» Your objective:
Your output must be the lines below from the line containing "Maglia dolcevita a" to the line containing "Links, Rechts, Rechts", both lines included, reproduced exactly and without pictures.

++++++

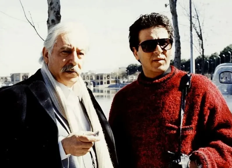 عکسی نادر و جذاب از ابوالفضل پورعرب در 33 سالگی در کنار استاد جمشید مشایخی در فیلم بی قرار، سفری به سال 73 را برای شما رقم میزند.
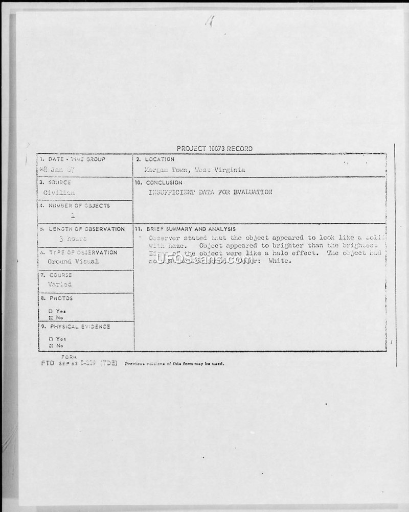 On 8 January 1967, a civilian witness in Morgantown, West Virginia, observed an unidentified aerial phenomenon for approximately three hours. The witness described the object as a white, solid-looking entity surrounded by a haze and exhibiting a halo effect. According to the witness, the object's course was varied; it appeared to stand still at times, moved, and disappeared and reappeared. The witness noted that the object made no distinctive sound. The observation was initially reported to the Duty Officer at Wright-Patterson Air Force Base in Ohio. On 9 January 1967, Colonel James C. Manatt, Director of Technology and Subsystems for the U.S. Air Force, sent correspondence to the witness stating that the initial report was insufficient for a formal evaluation. The Air Force provided an FTD Form 164 for the witness to complete and return to provide more detailed information. The official conclusion recorded on the Project 10073 record for this incident is 'INSUFFICIENT DATA FOR EVALUATION'.
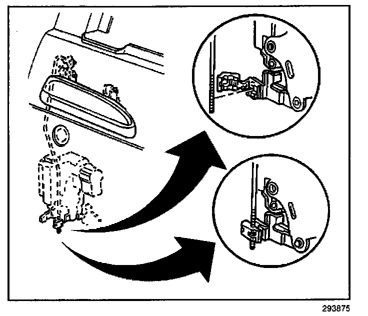 6. Position the outside door handle rod in the clip in order to eliminate any free play in the outside door handle.
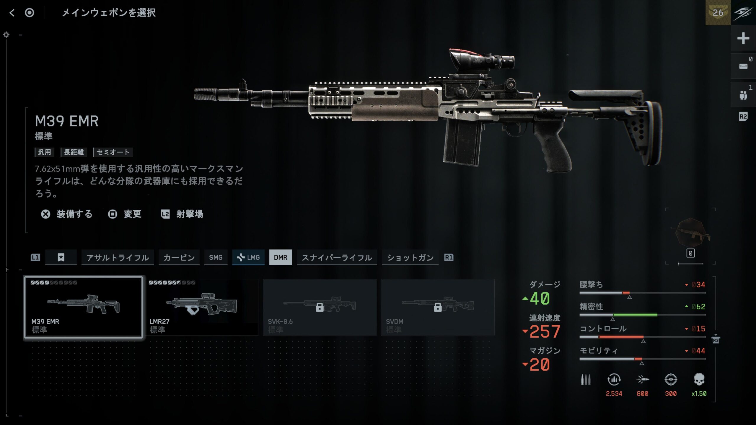 初期DMR、デフォだと最小ダメージ33だけどバレル変えたら34ダメージになって3確になるから
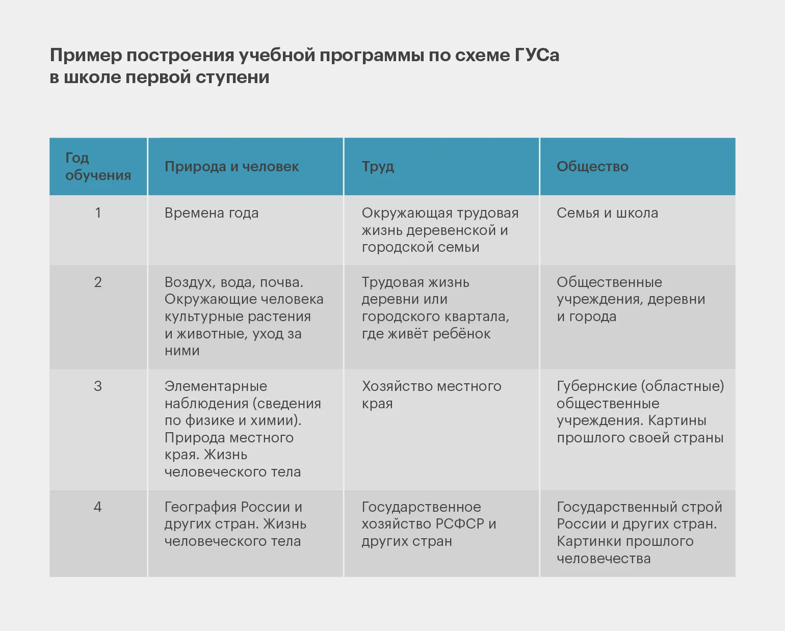 К концу 1922 года на основе комплексного принципа составили программу для школ первой ступени, то есть начальной, а в 1923 году — для полной семилетней. Они получили название «схемы ГУСа» и фактически отменяли разделение на предметы. Вместо отдельных дисциплин вводились комплексы — темы из разных предметов, объединяющиеся вокруг одного явления. Можно сказать, в советских школах вводился межпредметный подход.
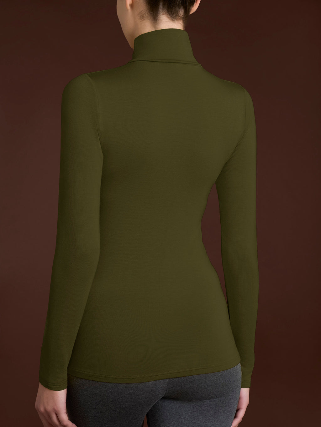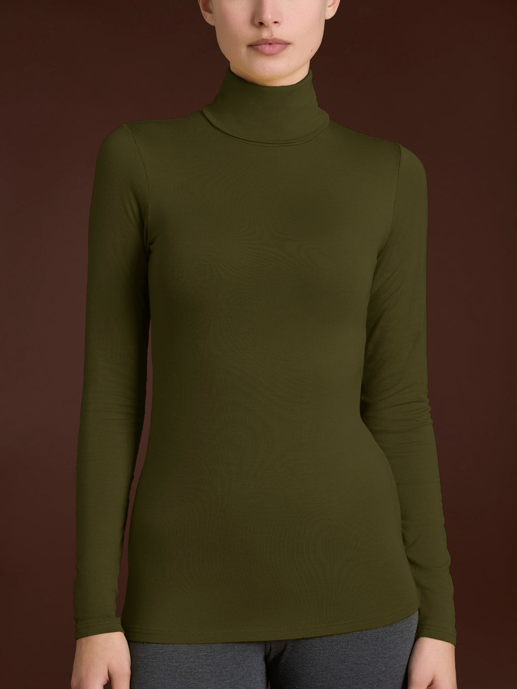 Maglia dolcevita a manica lunga da donna in ecoviscosa, una delicata viscosa elasticizzata calda e morbida.
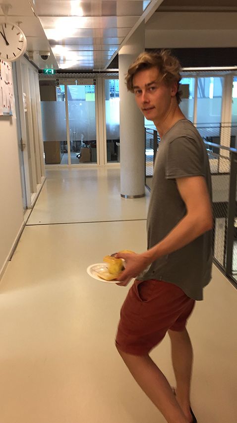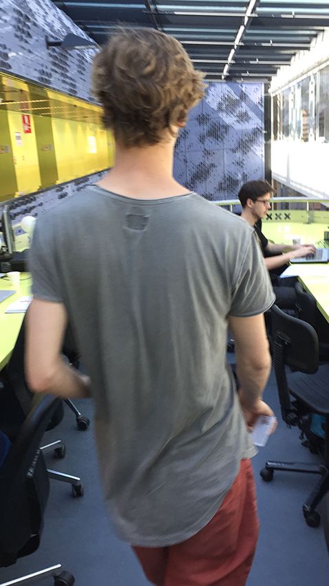 Links, Rechts, Rechts en dan Links. Quint leidt de weg vanuit de lift op Science Park (SP) naar de groene "zwevende" balkons waar alleen master studenten mogen zitten die aan hun scriptie werken. Toevallig waren we dat ook allebei anders zijn er genoeg mensen die een oogje in het zeil houden. Je zou kunnen stellen dat iedereen wel eventjes zou willen zweven.
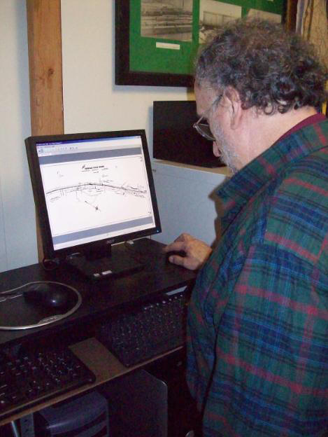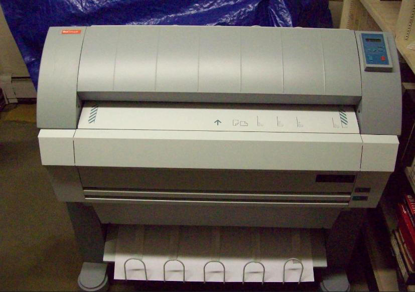 That requires unique equipment, and after careful research we settled on a TDS-450 system from Océ-Technologies (see the photos). It is a fully integrated system, which avoids possible compatibility issues, and is fast, easy to use, flexible, and robust. It is roughly equivalent to the all-in-one printer/scanners that many of us have at home, only a whole lot bigger -- and a whole lot more expensive (We were able to purchase a demo system at a significant discount, although it still put a large dent in our bank account). It can handle documents up to 36" wide by virtually any length. It can scan in monochrome (simple black and white), gray scale (needed for photos, but handy for documents, too), and color (surprisingly, many of the O&W documents contain some color, usually very limited, to set off property lines, building walls, etc.). The printer holds two paper rolls (different widths), selects the proper roll automatically, and cuts the copies to length. It uses toner (similar to a photocopier or laser printer), which makes fast, low cost, yet stable (generally waterproof) copies. Because it uses toner, the prints are black and white only, but because the color in the drawings is usually of little significance, that should be perfectly acceptable. The system also has its own controller unit, similar to but definitely different from a PC (it has Windows XP, but it is embedded within the Océ software program).
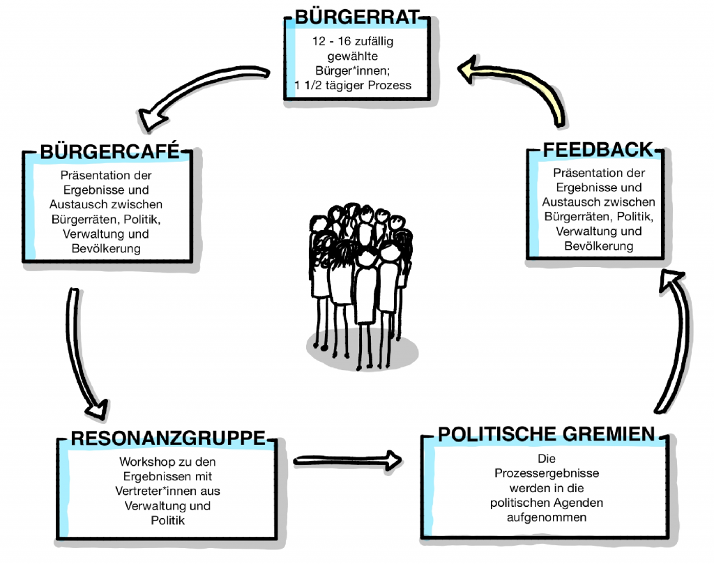 Citizens of a town or region are randomly selected from the register of residents. They are to work together for one and a half days on a joint declaration. To ensure that the make-up of the council reflects the area from which it is drawn, criteria such as age, gender and place of residence are taken into account in the selection process. Due to random selection, the participants are people with everyday knowledge who have no special knowledge nor previous qualifications. In particular, this means that they do not represent an interest group, but only their own opinions.
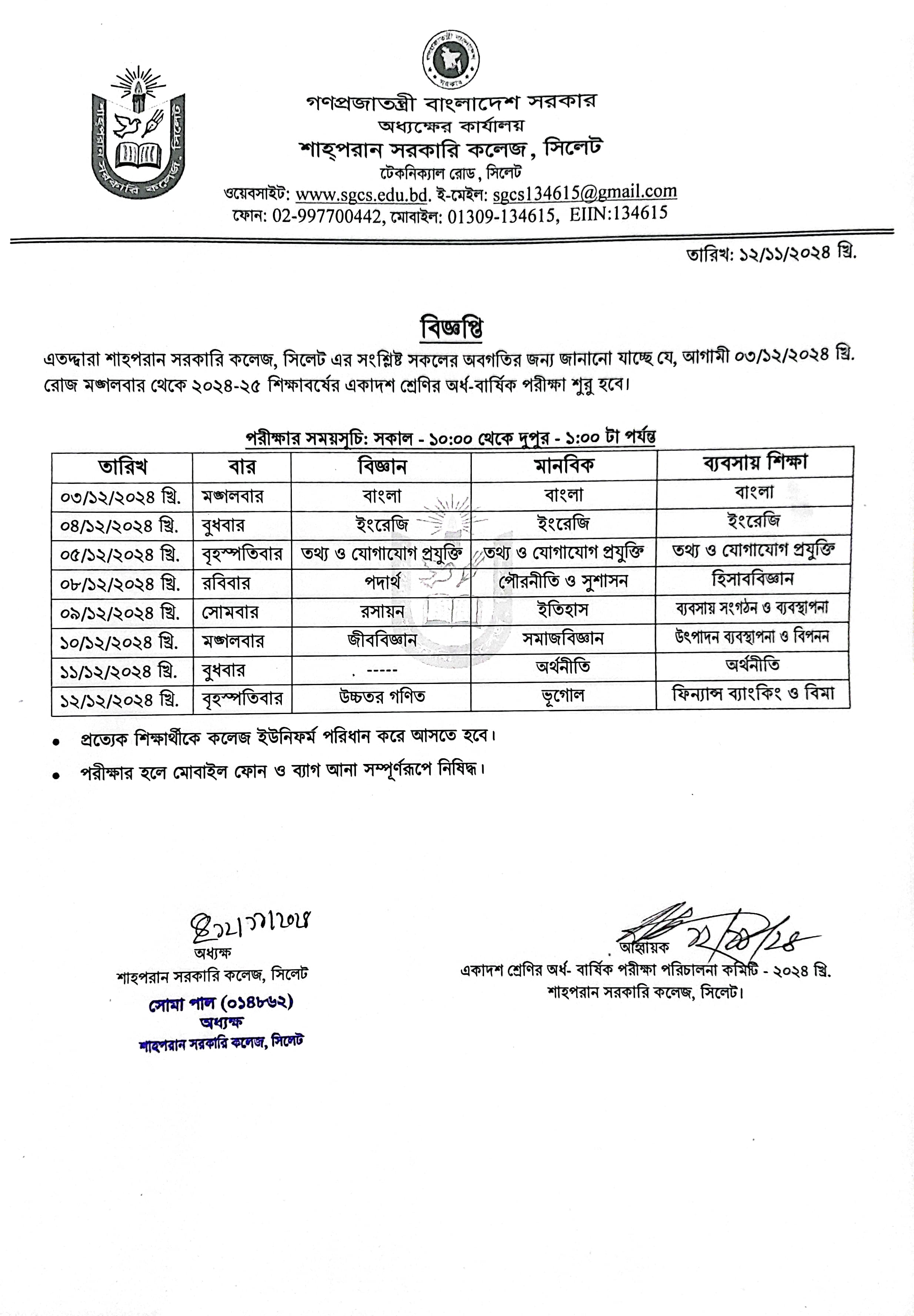 একাদশ শ্রেণির বার্ষিক পরীক্ষার রুটিন-২৫ |

++++++

» Completed task:
 Maglia dolcevita a manica lunga da donna in ecoviscosa, una delicata viscosa elasticizzata calda e morbida.
 Links, Rechts, Rechts en dan Links. Quint leidt de weg vanuit de lift op Science Park (SP) naar de groene "zwevende" balkons waar alleen master studenten mogen zitten die aan hun scriptie werken. Toevallig waren we dat ook allebei anders zijn er genoeg mensen die een oogje in het zeil houden. Je zou kunnen stellen dat iedereen wel eventjes zou willen zweven.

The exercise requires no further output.